*WHAT IS BEING ASKED*. In the material below, find the line with "Prodam bankovec 1000 kun 1941 aUNC." and the line with "EuroArgo Link | ![]() |", then output both and every line between them exactly, omitting pictures.

*INFORMATION SUPPLIED*.
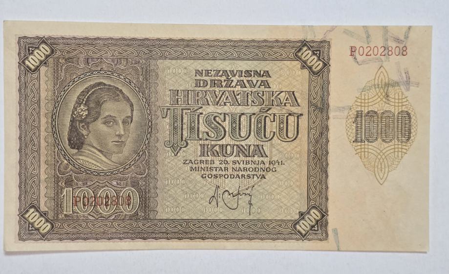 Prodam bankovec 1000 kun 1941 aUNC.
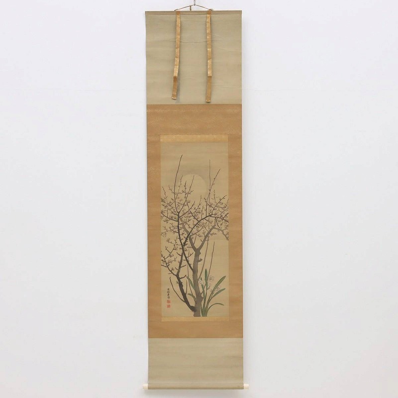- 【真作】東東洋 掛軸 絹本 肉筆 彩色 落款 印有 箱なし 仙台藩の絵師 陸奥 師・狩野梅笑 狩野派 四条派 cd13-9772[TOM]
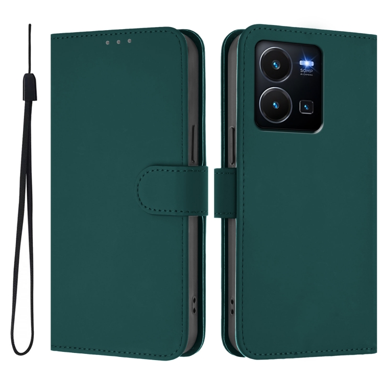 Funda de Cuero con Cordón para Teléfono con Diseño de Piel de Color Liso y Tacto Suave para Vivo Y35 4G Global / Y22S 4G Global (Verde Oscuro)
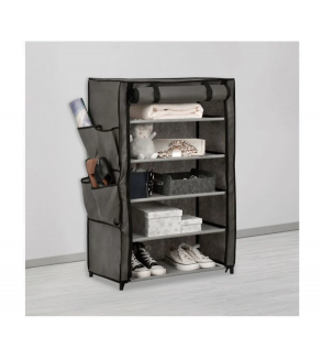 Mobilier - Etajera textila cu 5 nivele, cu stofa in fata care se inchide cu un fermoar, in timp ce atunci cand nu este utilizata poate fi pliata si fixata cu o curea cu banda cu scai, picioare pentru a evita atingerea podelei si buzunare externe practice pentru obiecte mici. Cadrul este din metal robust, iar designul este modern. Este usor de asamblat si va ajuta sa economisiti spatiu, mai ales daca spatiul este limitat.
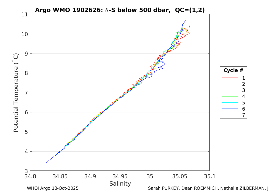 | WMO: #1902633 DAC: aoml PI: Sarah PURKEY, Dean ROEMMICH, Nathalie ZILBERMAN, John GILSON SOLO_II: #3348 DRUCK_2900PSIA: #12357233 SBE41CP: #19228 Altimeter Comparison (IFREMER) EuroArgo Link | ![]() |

==

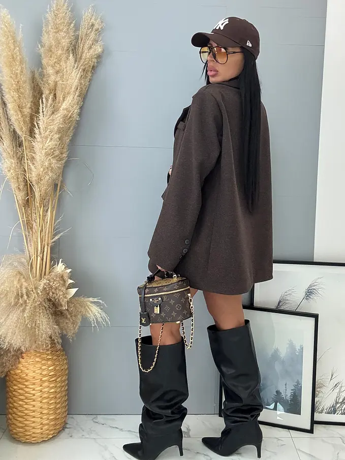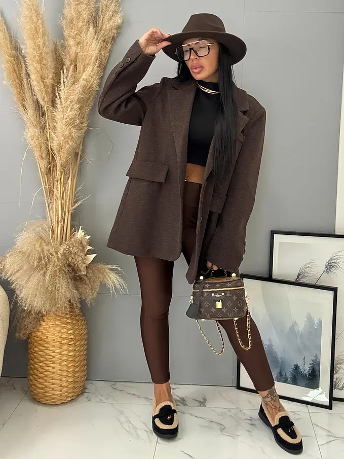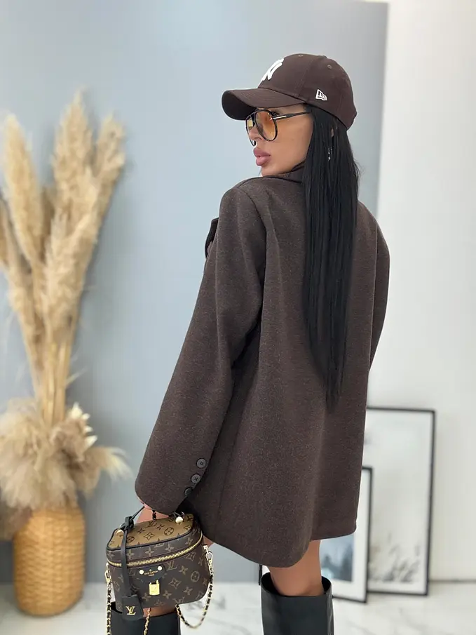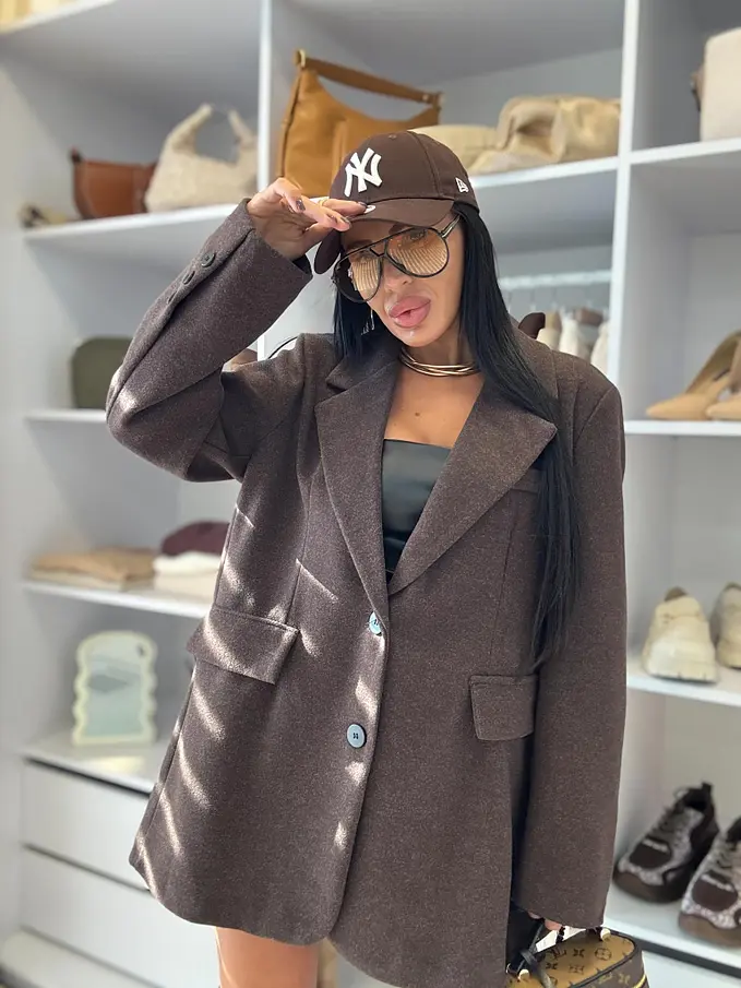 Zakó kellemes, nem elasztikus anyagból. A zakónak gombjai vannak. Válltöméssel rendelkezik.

*SOLUTION FOR THIS TASK*.
 Prodam bankovec 1000 kun 1941 aUNC.
- 【真作】東東洋 掛軸 絹本 肉筆 彩色 落款 印有 箱なし 仙台藩の絵師 陸奥 師・狩野梅笑 狩野派 四条派 cd13-9772[TOM]
 Funda de Cuero con Cordón para Teléfono con Diseño de Piel de Color Liso y Tacto Suave para Vivo Y35 4G Global / Y22S 4G Global (Verde Oscuro)
 Mobilier - Etajera textila cu 5 nivele, cu stofa in fata care se inchide cu un fermoar, in timp ce atunci cand nu este utilizata poate fi pliata si fixata cu o curea cu banda cu scai, picioare pentru a evita atingerea podelei si buzunare externe practice pentru obiecte mici. Cadrul este din metal robust, iar designul este modern. Este usor de asamblat si va ajuta sa economisiti spatiu, mai ales daca spatiul este limitat.
 | WMO: #1902633 DAC: aoml PI: Sarah PURKEY, Dean ROEMMICH, Nathalie ZILBERMAN, John GILSON SOLO_II: #3348 DRUCK_2900PSIA: #12357233 SBE41CP: #19228 Altimeter Comparison (IFREMER) EuroArgo Link | ![]() |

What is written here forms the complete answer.